Why I Support A Strike in Syria (And Why I Do Not)

This country will be drenched in blood, and God only knows how it will end. It is all folly, madness, a crime against civilization! You people speak so lightly of war; you don’t know what you’re talking about. War is a terrible thing!
William T. Sherman, December 1860

Chemical weapons first saw widespread use in World War I, but were quickly outlawed by the Geneva Protocols in 1925.  Almost 200 nations around the world have signed onto the Chemical Weapons Convention of 1993 (Convention on the Prohibition of the Development, Production, Stockpiling and Use of Chemical Weapons and on their Destruction) prohibiting the manufacture and use of chemical weapons.  Syria is not among them.

It is now clear that the Syrian government used chemical weapons against their own people in August 2013.

There are some things you can never take back.  The use of chemical weapons is one of the very few things aside from the use of nuclear weapons that is very clearly beyond the bounds of civilized nations.  It is a clear line in the sand, a singular violation of the rule of law, which is why I believe a military strike against the Syrian government is warranted.

Yet I have a difficult time supporting the Obama Administration’s proposals to initiate military action in Syria.  It’s a matter of trust, particularly lack of trust, in both parties in Washington, DC.

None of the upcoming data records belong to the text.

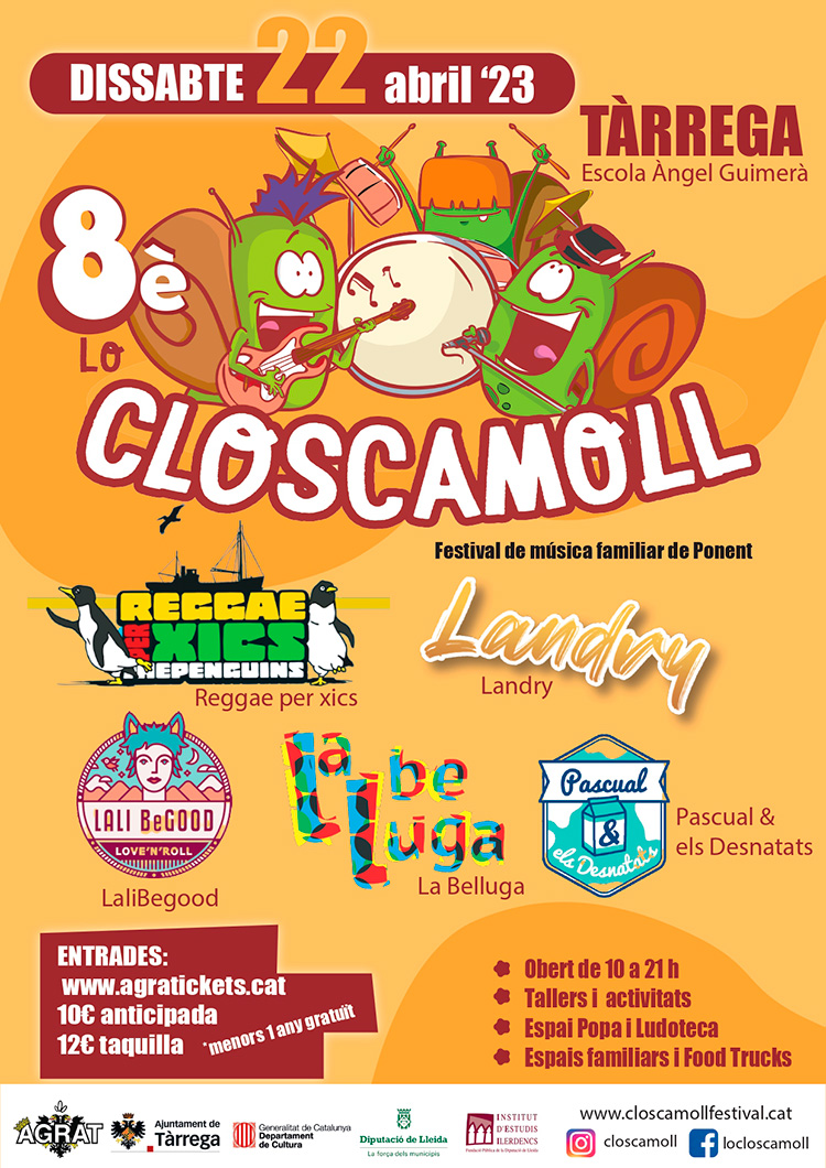 Tàrrega acollirà el proper dissabte 22 d’abril la vuitena edició de Lo Closcamoll – Festival de Música Familiar de Ponent, un esdeveniment consolidat plenament en el calendari lúdic i musical de la ciutat adreçat especialment a infants de 0 a 12 anys i les seves famílies. Les últimes dues edicions del certamen musical van estar marcades per la pandèmia i enguany la comissió organitzadora de l’Associació Agrat aposta per recuperar activitats durant tot el dia. A més, el festival tornarà a celebrar tant els concerts com la resta d’activitats paral·leles a les instal·lacions de l’Escola Àngel Guimerà, que s’ompliran de música i tota mena de propostes pensades per als més petits.
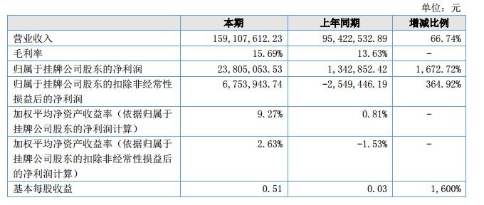 報(bào)告期內(nèi)公司實(shí)現(xiàn)營(yíng)業(yè)收入15,910.76萬(wàn)元,比上年同期增長(zhǎng)了66.74%。實(shí)現(xiàn)凈利潤(rùn)2,380.51萬(wàn)元,較去年同期增長(zhǎng)了1,672.72%。?
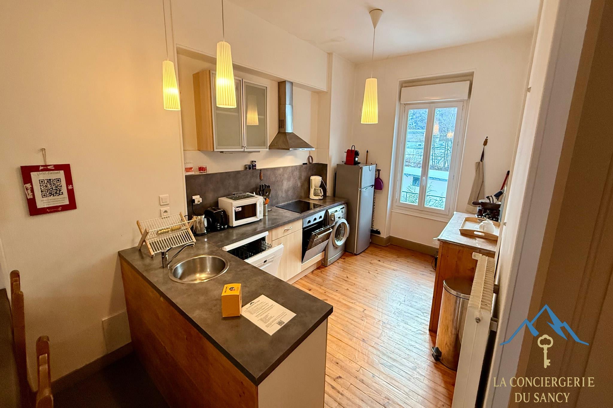 Dieses einladende Apartment in Mont-Dore ist ideal für Familien oder kleine Gruppen und bietet bequem Platz für bis zu sechs Gäste in einer praktischen und malerischen Alpenumgebung. Es liegt nur wenige Schritte vom Stadtzentrum entfernt und ist ein entspannter Ausgangspunkt für Besucher, die sowohl Outdoor-Abenteuer als auch alltäglichen Komfort im Herzen des Massif du Sancy suchen. Im Inneren verfügt das Apartment über zwei gut ausgestattete Schlafzimmer mit einem Queensize-Bett und zwei Einzelbetten sowie ein zusätzliches Schlafsofa im Wohnbereich, das sich für Gruppenaufenthalte eignet. Der helle Wohnbereich bietet eine gemütliche Sitzecke und einen Fernseher für entspannte Abende zu Hause. Die voll ausgestattete Küche verfügt über einen Kühlschrank, einen Herd, einen Backofen, eine Mikrowelle, einen Geschirrspüler, einen Toaster sowie eine Nespresso- und eine Filterkaffeemaschine, sodass Sie während Ihres Aufenthalts ganz einfach Mahlzeiten zubereiten können. Eine Waschmaschine sorgt für mehr Komfort bei längeren Aufenthalten, während das Badezimmer mit Dusche den täglichen Komfort unterstützt. Kostenloses WLAN ist ebenfalls verfügbar. Die Gäste können einen kleinen privaten Balkon mit Blick auf die umliegenden Berge und den Fluss sowie Zugang zu einem gemeinsamen Garten innerhalb der Residenz genießen. Gartenmöbel und ein Grill bieten den idealen Rahmen für entspannte Mahlzeiten oder ruhige Momente im Freien. Mit Geschäften, Thermalbädern und Verkehrsanbindungen in etwa 500 m Entfernung sowie Skipisten und Wanderwegen in unmittelbarer Nähe bietet diese Ferienwohnung das ganze Jahr über Möglichkeiten, Mont-Dore und seine natürliche Umgebung zu erkunden.
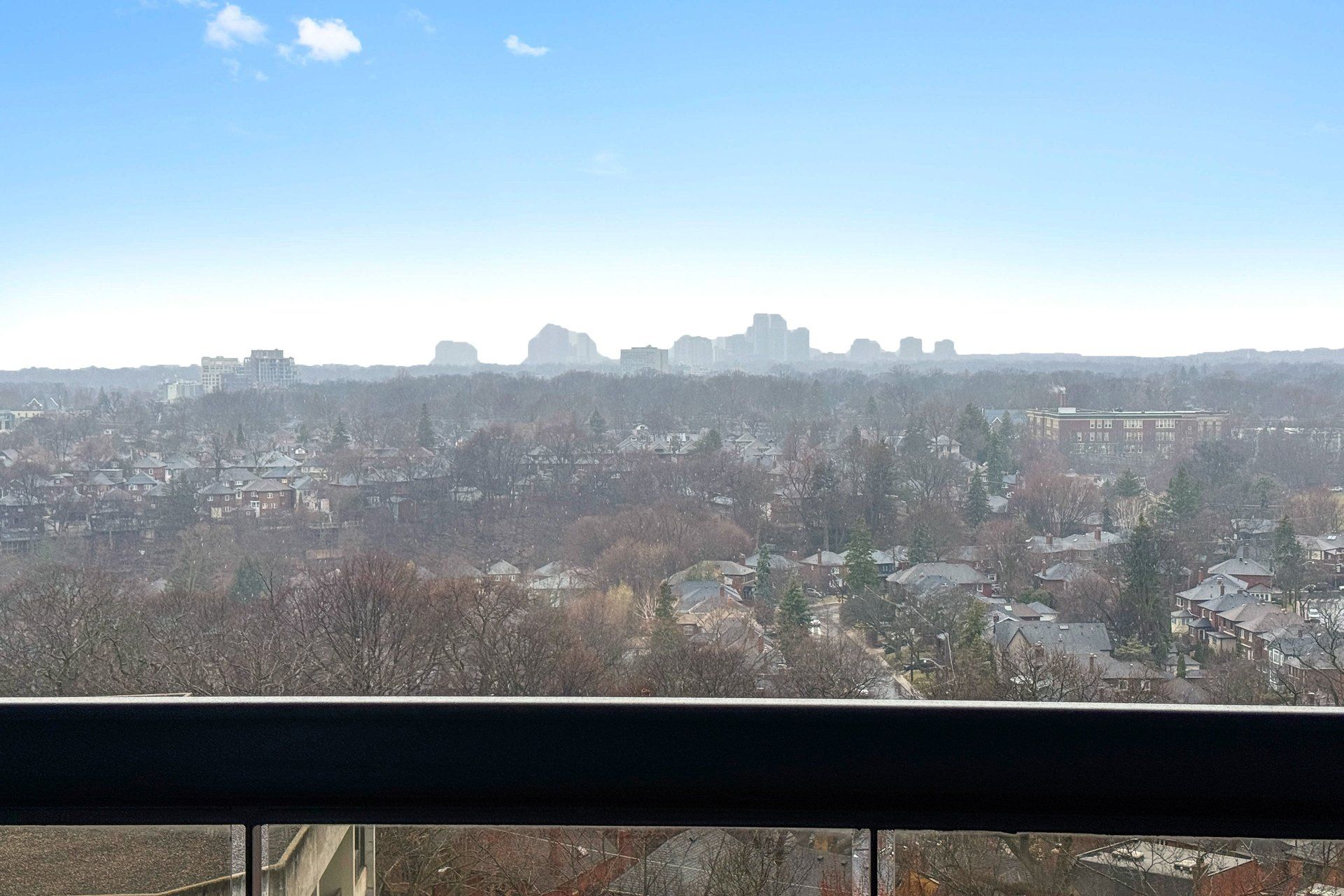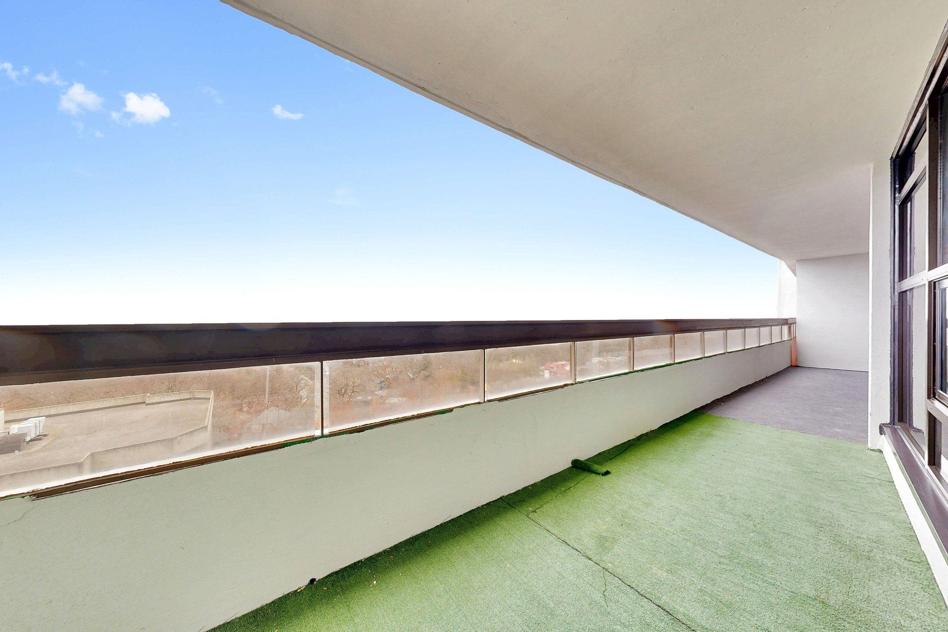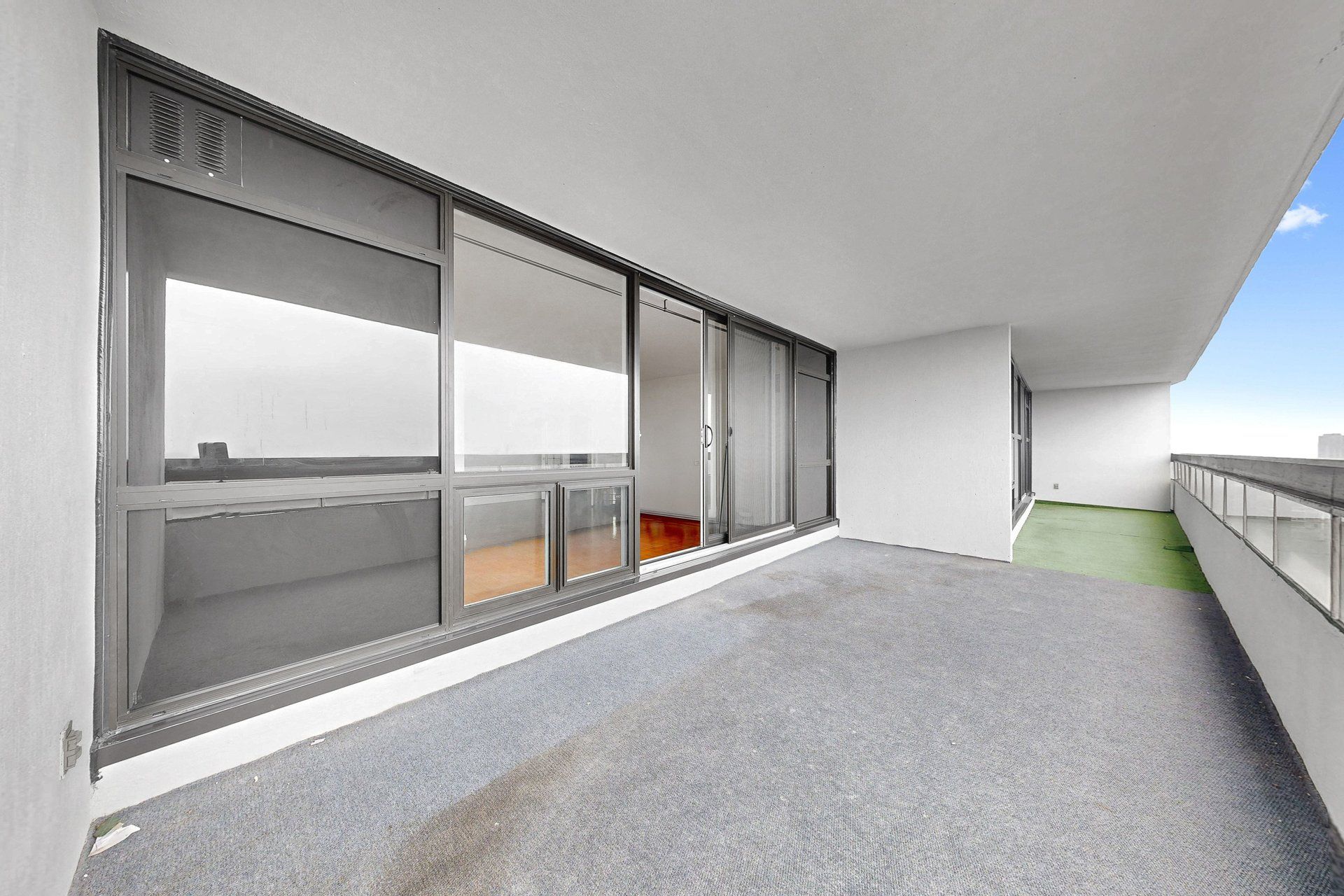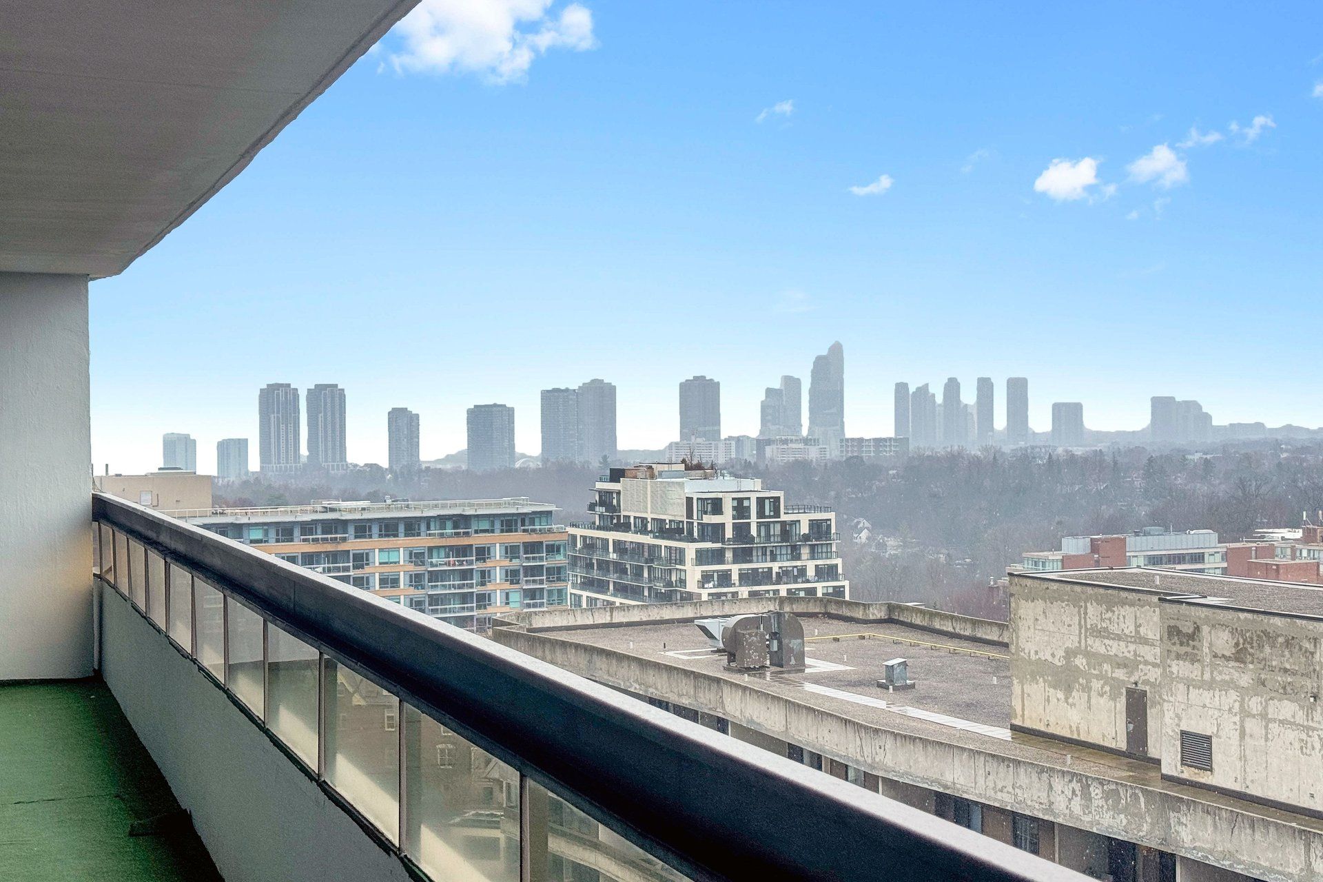 • Large private balcony with sweeping panoramic city views.
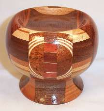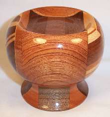 in the left pic, the vertical lamination is walnut, hard maple veneer, and padauk. The oval lamination is Honduran mahogany and hard maple
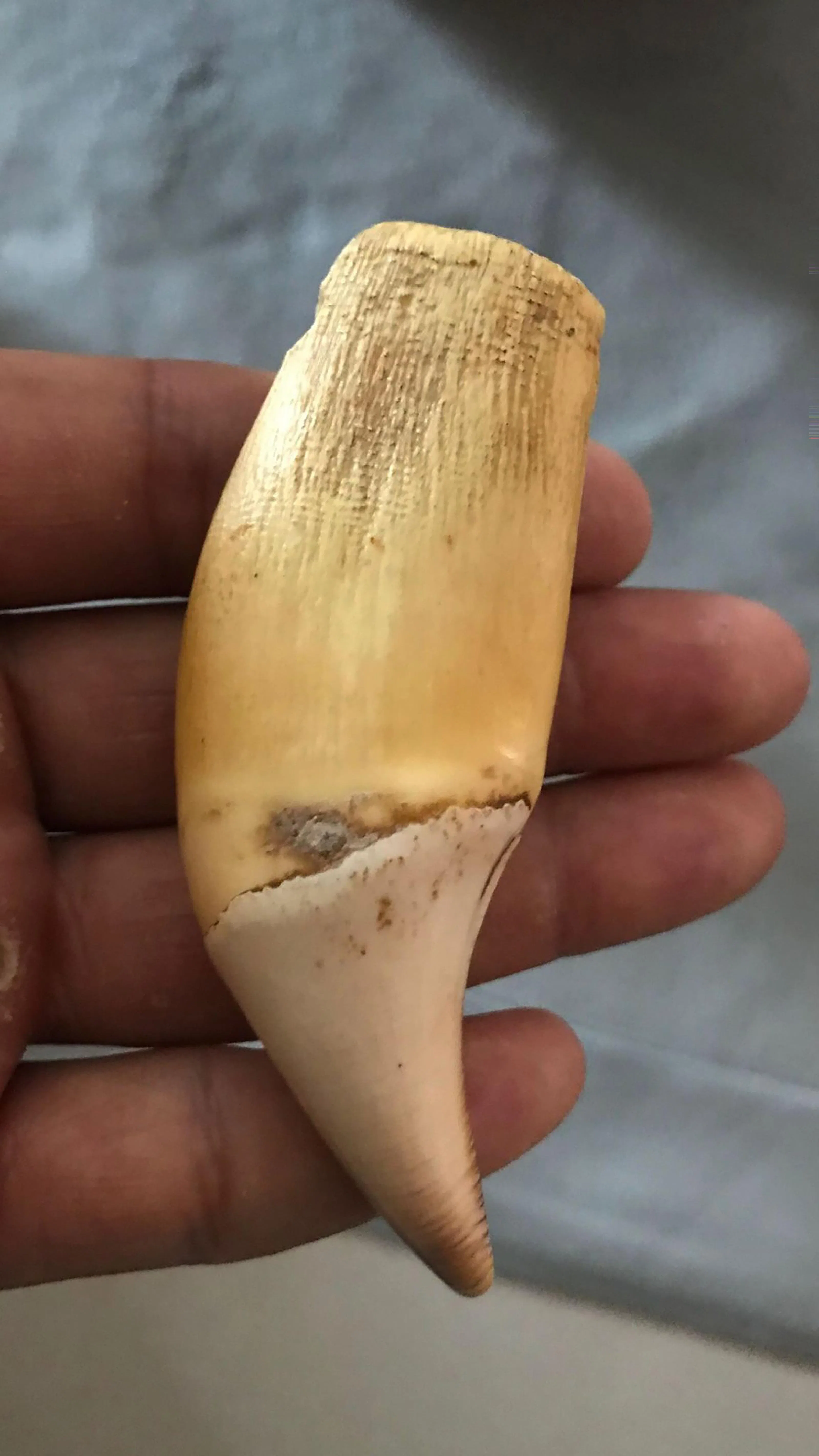 Photo of a bear tooth, as claimed by a man who has recently been active on WhatsApp. The man also posts items such as tiger claws, skin and teeth for sale.
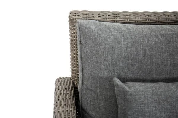 Das Untergestell der Möbel besteht aus pulverbeschichtetem Aluminium, dies macht es nicht nur stabil, sondern sorgt auch dafür, dass es sich aufgrund des relativ geringen Gewichts von insgesamt ca. 68,4 kg ganz leicht hin und her stellen lässt. Das Aluminiumgestell wird mit Polyrattan bespannt. Das halbrunde Geflecht ist in der Farbe grau (Faser w5) gehalten und passt so wunderbar zu allen möglichen Terrasseneinrichtungen. Die gemütlichen Polster (100 % Olefin (200 g/m³)) mit einer Stärke von ca. 10 cm sorgen für höchsten Sitzkomfort. Farblich sind die grau melierten Polster perfekt auf das Geflecht abgestimmt. Die synthetische Faser Olefin wird für ihre Hitzebeständigkeit und optimalen Trage- und Pflegeeigenschaften geschätzt. Sollten Sie einmal Falten in Ihren Polstern haben, werden diese bei Wärme von alleine verschwinden, sodass die Bezüge komplett bügelfrei sind. Textilien aus Olefin sind bequem, hautkühlend, waschbar und bügelfrei. Sie eignen sich perfekt für den Einsatz im Freien, was nicht zuletzt an ihrer wasserabweisenden und atmungsaktiven Materialzusammensetzung liegt.
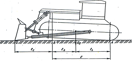 где: В – ширина отвала, мм. Расчетное положение IV (см.рис.2.в) В процессе выглубления отвала при одновременном движении вперед по горизонтальной поверхности трактор вывешивается на средней точке отвала, при этом развивается усилие, достаточное для опрокидывания фактора относительно точки В.
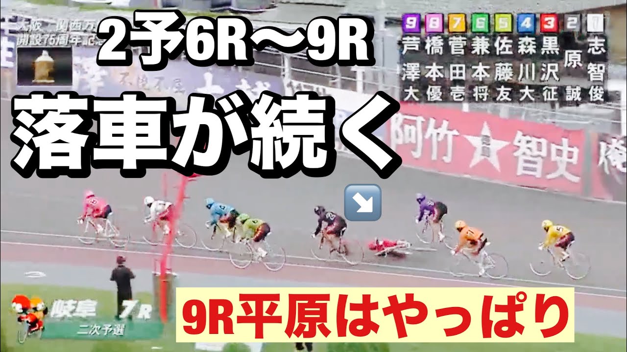 岐阜競輪 G3 二予選前半 落車が続く 9R平原康多はやっぱり😭
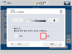 [조정]을 <배경조정>에 대해 눌러 배경 농도를 조정한 경우 [자동] 설정이 취소됩니다. 이와 마찬가지로 [조정]에서 수동 조정한 상태에서 [자동]을 누른 경우 조정이 취소됩니다. 기기는 배경에 맞는 농도를 자동으로 조정합니다. |
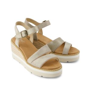 The platform wedge sandal you can live in. Darya marries a high and stylish rope-wrapped wedge with wide straps, lightweight construction and cushy CloudBound™ insoles for all-day comfort. Complete the look with dresses or denim. Metallic suede textile upper with artisanal stitch detailing. TOMS leather products support responsible manufacturing via the Leather Working Group.

I understand and respect principled opponents of military action.  I don’t agree, but I respect a consistent position.  I don’t understand nor respect fair-weather fans—both those who stood with George Bush going into Iraq, but suddenly are against the idea just because there’s a ‘D’ in the White House instead of an ‘R’, as well as those who rallied against W ten years ago but now suddenly support O just because he’s one of their own.  Pathetic.

I supported action in Iraq, hesitantly, and I hesitate for the same reasons now.  Both proposals called for essentially police actions to address limited objectives.  A rogue dictator broke the rules, and the rule of law demands punishment.  Fine, but America doesn’t do police actions very well.  Can you say “Vietnam”? Can you say “Benghazi”?  Can you say “No Clear Objectives”?

We have no clear objectives in the Syrian conflict, beyond a vague notion of retribution.  We have no clear idea that the rebels are any “better” than those in power.  We have no clear and present danger to American interests, beyond the theoretical rule of law to enforce a treaty to which the Syrian people never agreed (or more properly, were never allowed to agree).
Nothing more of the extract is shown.